In America, the middle class always gets the short end of the stick. I do not see a lot of difference in the losses these billionaires had investing with Madoff or Sandhurst compared to us poor folk who invested in the stock market with encouragement of the government.

For the vast majority of people, other than their personal homes (most of which were well financed) they had no investments in banks or anything related to the housing meltdown. Yet they have lost 50 percent to 60 percent of their investments. Millions of Americans are in the same situation.

The $3,000 per year limitation for a tax write off of losses was developed for another time, not today. Is the government saying that we did not do enough due diligence? It sure feels like fraud to me. If the Wall Street banks felt secure making loans 30 times their worth, how were we to see the dangers? Why can’t people write off losses as these billionaires can? It’s an outrage.

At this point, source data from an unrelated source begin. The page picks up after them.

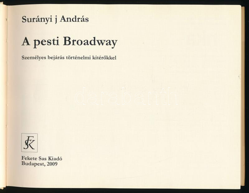 Surányi J. András: Pesti Broadway. Személyes bejárás történelmi kitérő... https://www.darabanth.com/en/515-Auction-philately-postcards-numismatics-artwork-books-collectibles-jewelry/518.0/Books/Books-Architecture-Art~1042/Suranyi-J-Andras-Pesti-Broadway-Szemelyes-bejaras-tortenelmi-kiterokkel-Bp-2009-Feke~II3470199
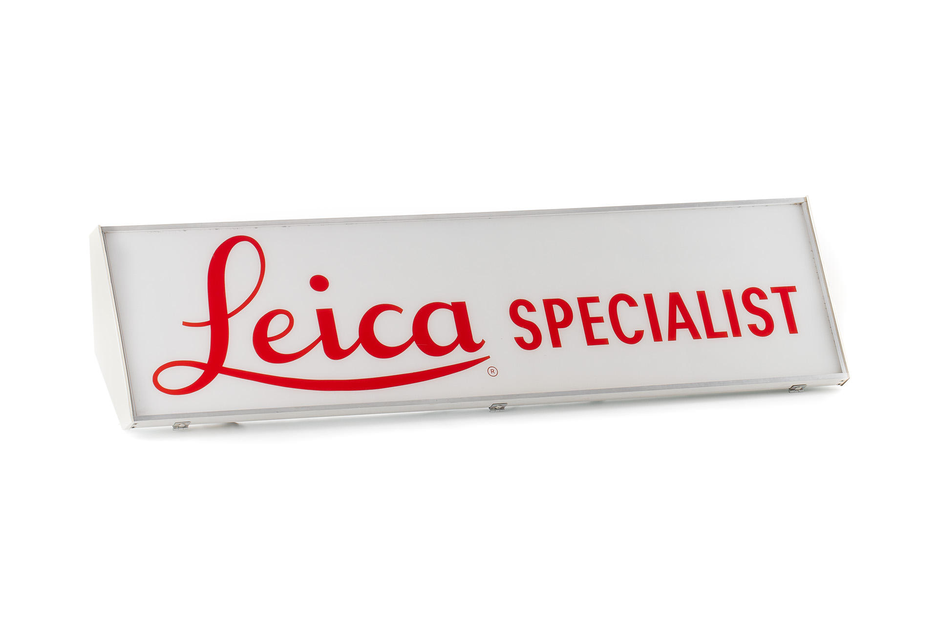very attractive display lamp with 'Leica Specialist', in very good condition, made in the USA, neon inside (not tested), printed plexiglas in metal frame (95 x 10 x 11cm)
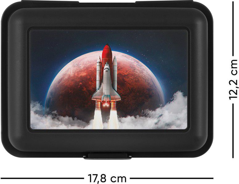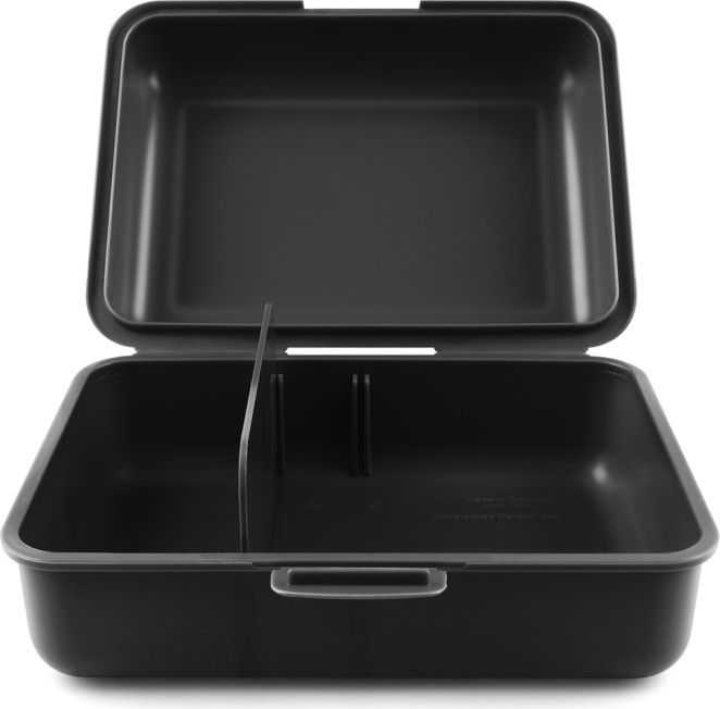 • Plastový box na svačinu v černé barvě. • Box má uzavírání na jeden zámek a dělicí přepážku. • Nedoporučujeme mýt v myčce.
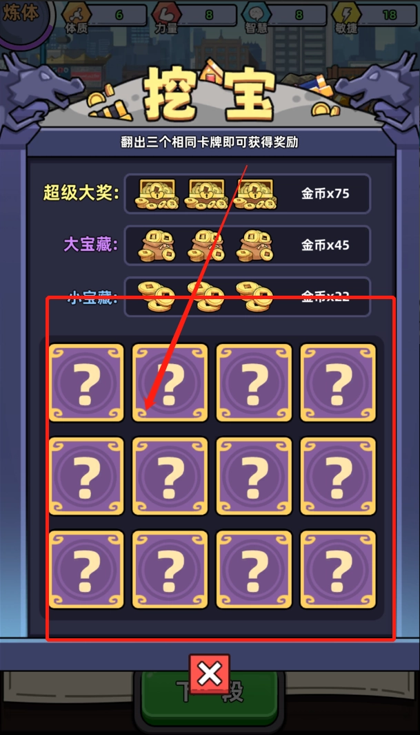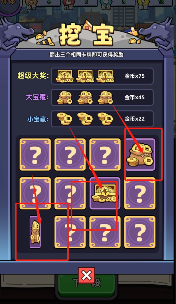 要是点击三次出现的金钱图案都相同,就能得到金钱奖励。
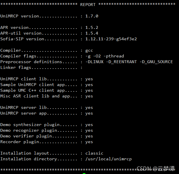 默认安装到 /usr/local/unimrcp, 按自己偏好设置prefix

The U.S. government has always said that Social Security was never meant to be the sole source of income for retired people. This is true, Social Security provides the bare minimum of security. So people were encouraged to save and invest money in IRAs and other accounts.

My parents are in their late 80s and have long lived by selling a bit of their investments each year. Now they are seriously hurting because the value of their meager “wealth” has been so seriously depleted. Millions of baby boomers are nearing retirement age, and they need the opportunity to recover from these losses in real time.

Why shouldn’t the middle class get some of the same breaks the billionaires do? I would suggest that the losses should be written off at a rate of something like 25 percent a year.